Pemerintah Pangkas Jumlah Tahanan yang Layak Amnesti dari 44.000 Menjadi 19.000

Pemerintah Pangkas Layak Amnesti

Pemerintah Indonesia melalui Kementerian Hukum dan Hak Asasi Manusia (Kemenkumham) baru-baru ini mengumumkan kebijakan baru yang mengurangi jumlah tahanan yang memenuhi syarat untuk mendapatkan amnesti. Sebelumnya, diperkirakan sekitar 44.000 tahanan akan memenuhi syarat untuk mendapatkan amnesti.

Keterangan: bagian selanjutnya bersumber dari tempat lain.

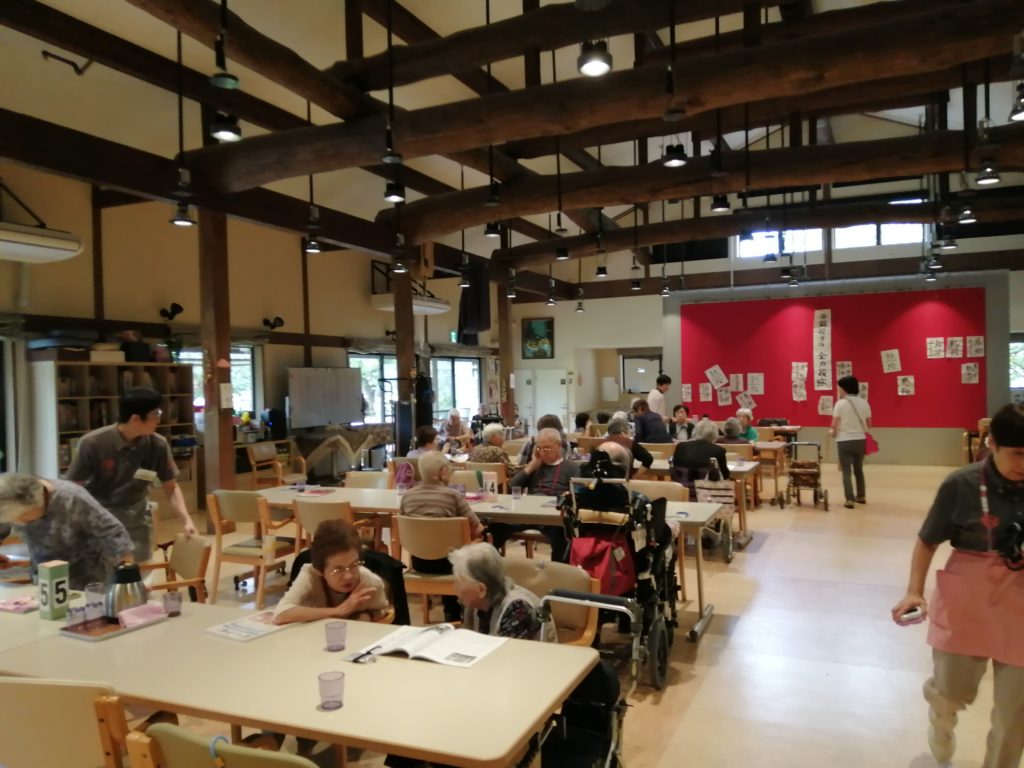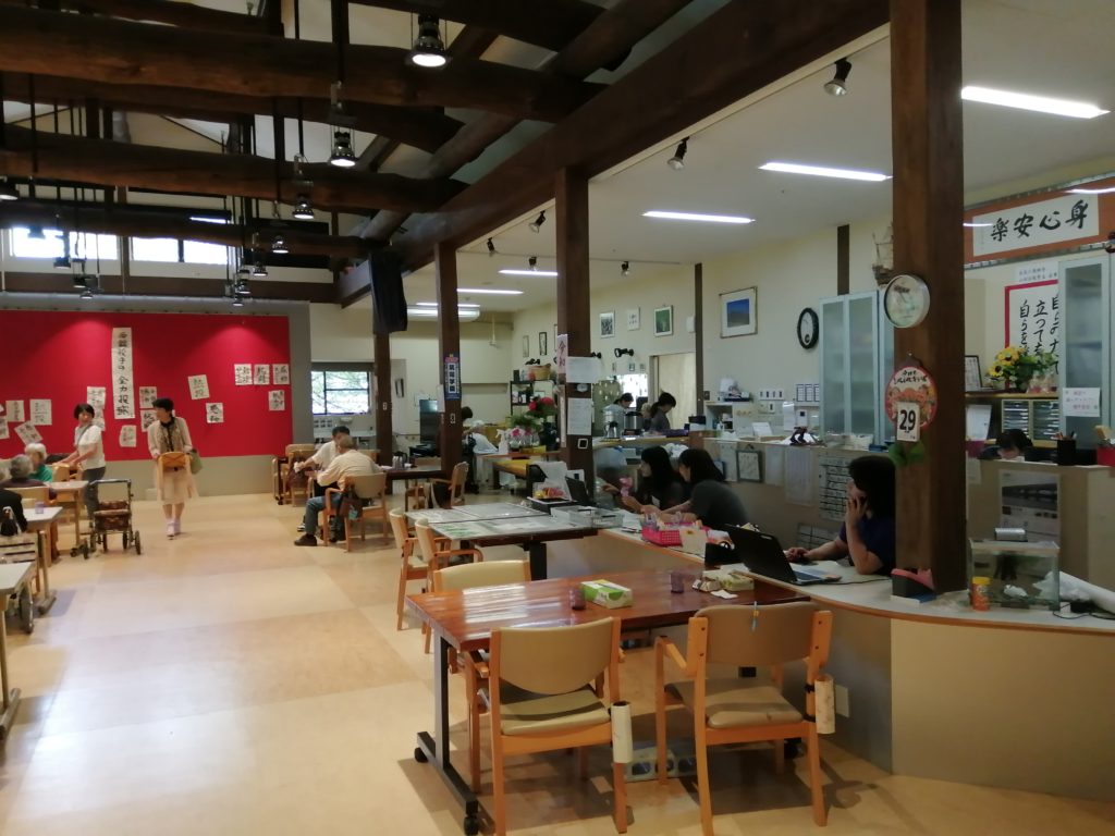 デイサービスの様子です。広いフロアに約50名ほどの利用者様がいらっしゃいます。

Namun setelah peninjauan lebih lanjut, jumlah tersebut dipangkas menjadi hanya sekitar 19.000 orang. Kebijakan ini bertujuan untuk meningkatkan efektivitas sistem pemasyarakatan dan menanggapi berbagai permasalahan yang terjadi di lapas (lembaga pemasyarakatan) di Indonesia.

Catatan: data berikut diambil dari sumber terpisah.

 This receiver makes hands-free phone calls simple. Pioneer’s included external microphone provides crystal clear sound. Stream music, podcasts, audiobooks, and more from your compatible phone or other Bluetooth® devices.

Penyebab Pengurangan Jumlah Tahanan yang Layak Amnesti

Penurunan jumlah tahanan yang berhak mendapatkan amnesti ini diungkapkan oleh Menteri Hukum dan HAM, Yasonna Laoly, dalam konferensi pers yang berlangsung pada awal pekan ini. Menurut Yasonna, langkah tersebut diambil setelah pihak kementerian melakukan penilaian lebih mendalam terhadap kriteria amnesti yang sebelumnya telah ditetapkan. Salah satu alasan utama pengurangan ini adalah agar amnesti hanya diberikan kepada mereka yang memenuhi syarat administratif dan substansial yang lebih ketat.

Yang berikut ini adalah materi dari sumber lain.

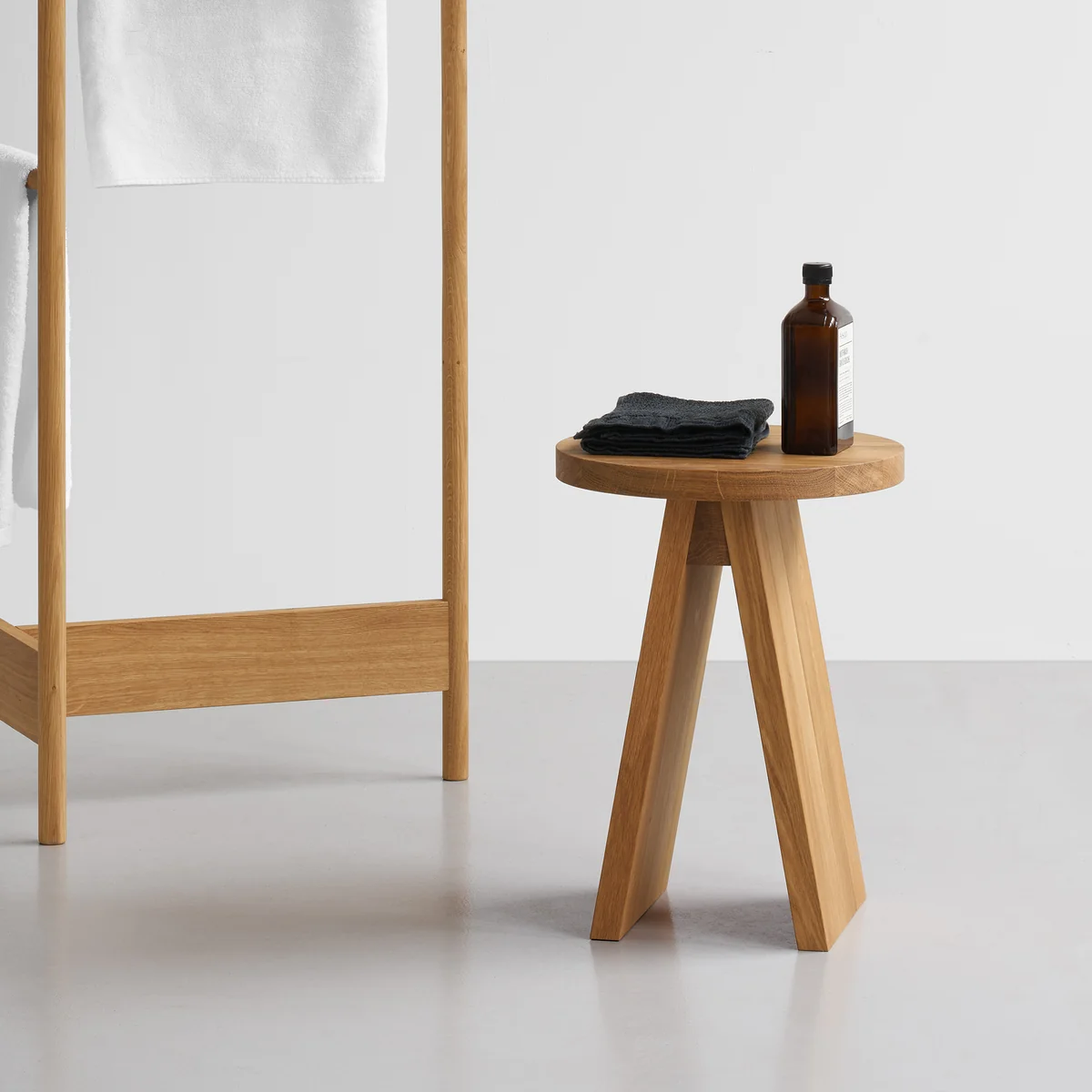 L'EK01 STOOL est fabriqué à la main en chêne européen massif dans un atelier spécialisé en Allemagne. Il est disponible en deux hauteurs et est livré entièrement monté. Que ce soit dans la salle de bain, le salon ou les espaces publics, ce tabouret allie fonctionnalité et élégance.

“Setelah melakukan evaluasi menyeluruh, kami menyadari bahwa tidak semua tahanan yang sebelumnya terdaftar layak mendapatkan amnesti. Kami ingin memastikan bahwa amnesti ini hanya diberikan kepada mereka yang benar-benar memenuhi kriteria. Seperti kejahatan yang tidak terlalu berat, perilaku baik selama menjalani hukuman, dan potensi untuk reintegrasi yang sukses ke masyarakat.” Ujar Yasonna.

Kriteria Tahanan yang Dapat Mendapatkan Amnesti

Menteri Yasonna juga menjelaskan bahwa kebijakan ini diatur dengan sejumlah kriteria yang lebih ketat. Tahanan yang berhak mendapatkan amnesti harus memenuhi beberapa syarat, antara lain:

  1. Jenis Kejahatan: Tahanan yang melakukan kejahatan ringan hingga menengah. Serta tidak terlibat dalam tindak pidana kekerasan berat atau terorisme, berpotensi untuk menerima amnesti.
  2. Perilaku Selama Masa Hukuman: Tahanan yang menunjukkan perilaku baik selama berada di dalam lapas dan telah menjalani sebagian besar masa hukuman mereka akan diprioritaskan.
  3. Kemungkinan Reintegrasi: Tahanan yang dinilai memiliki kemungkinan besar untuk dapat diterima kembali di masyarakat dengan integritas yang baik. Serta dukungan keluarga dan masyarakat, juga akan mendapatkan amnesti.

Selain itu, kebijakan ini juga mencakup beberapa aturan teknis yang bertujuan untuk meminimalisir penyalahgunaan amnesti oleh pihak yang tidak layak. Penurunan jumlah tahanan yang memenuhi syarat ini juga merupakan bagian dari upaya pemerintah untuk mendorong reformasi dalam sistem pemasyarakatan yang lebih humanis.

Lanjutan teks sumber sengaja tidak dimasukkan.